### DATA TO PROCESS
== Segment start ==
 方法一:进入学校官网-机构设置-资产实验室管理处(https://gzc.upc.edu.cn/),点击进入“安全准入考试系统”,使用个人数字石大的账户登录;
== Segment end ==
== Segment start ==
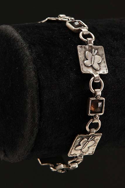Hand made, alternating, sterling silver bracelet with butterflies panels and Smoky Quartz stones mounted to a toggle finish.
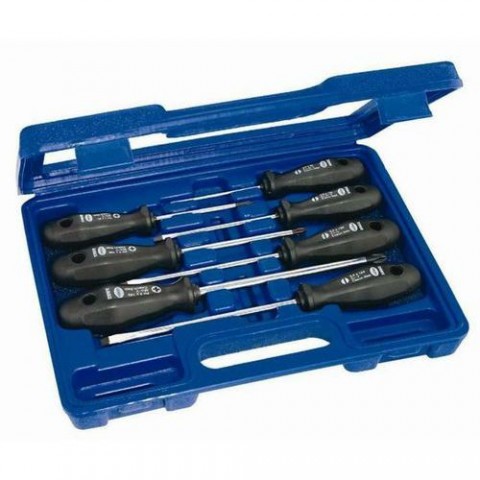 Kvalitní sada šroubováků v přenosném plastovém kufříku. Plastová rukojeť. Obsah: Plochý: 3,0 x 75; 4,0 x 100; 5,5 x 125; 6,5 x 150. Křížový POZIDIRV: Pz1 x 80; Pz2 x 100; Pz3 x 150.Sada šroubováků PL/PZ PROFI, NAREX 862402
== Segment end ==
### WHAT TO DO
Give exactly the lines above that run from the line with "Hand made, alternating, sterling" to the line with "Kvalitní sada šroubováků", both included, leaving every picture out.

### WRITTEN REPLY
Hand made, alternating, sterling silver bracelet with butterflies panels and Smoky Quartz stones mounted to a toggle finish.
 Kvalitní sada šroubováků v přenosném plastovém kufříku. Plastová rukojeť. Obsah: Plochý: 3,0 x 75; 4,0 x 100; 5,5 x 125; 6,5 x 150. Křížový POZIDIRV: Pz1 x 80; Pz2 x 100; Pz3 x 150.Sada šroubováků PL/PZ PROFI, NAREX 862402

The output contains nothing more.